LLM Configuration
Under the hood, cleankoda relies on LiteLLM as an abstraction layer. This gives you maximum flexibility when choosing your AI models: you can use virtually any provider and model supported by LiteLLM (e.g., Anthropic, OpenAI, Mistral, Google Gemini, Groq, Bedrock, or local instances via Ollama).
In addition, any OpenAI-compatible provider (such as llama.cpp, vLLM, LM Studio, or custom API endpoints) can be seamlessly integrated.
Configuration is handled interactively directly within the cleankoda TUI using slash commands:
1. Set Provider (/provider)
Enter the /provider command in the cleankoda command line to select your desired LLM provider:
/provider
Upon selection, you will be prompted to enter the corresponding API key for this provider.
2. Select model (/model)
Once the provider is active, select the desired language model using /model:
/model
Configuration storage location (config.json)
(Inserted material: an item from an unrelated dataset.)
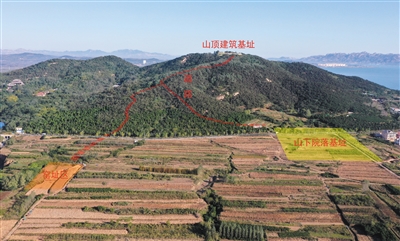山东青岛市琅琊台战国秦汉时期遗址山顶建筑与山下院落、窑址区位置示意图(资料照片)。

The currently selected provider, the active model, and basic settings are persisted in your user directory:
~/.config/cleankoda/config.json
Example structure:
{
"provider": "mistral",
"model": "mistral-small-latest",
"temperature": 0.2,
"max_tokens": 4096,
}
Custom OpenAI-compatible providers (custom.json)
If you wish to use a custom endpoint or a service that offers an OpenAI-compatible interface (e.g., local serving via vLLM/Ollama or an internal corporate gateway), configure it in the following file:
~/.config/cleankoda/custom.json
{
"<custom-provider-name>": {
"name": "Custom LLM",
"api_base": "https://.../v1",
"models": [
"gemma4-12b",
"qwen-3.5"
],
"requires_api_key": true
},
Once these entries are present in custom.json, your custom provider and its models will automatically appear in the selection dialogs for /provider and /model.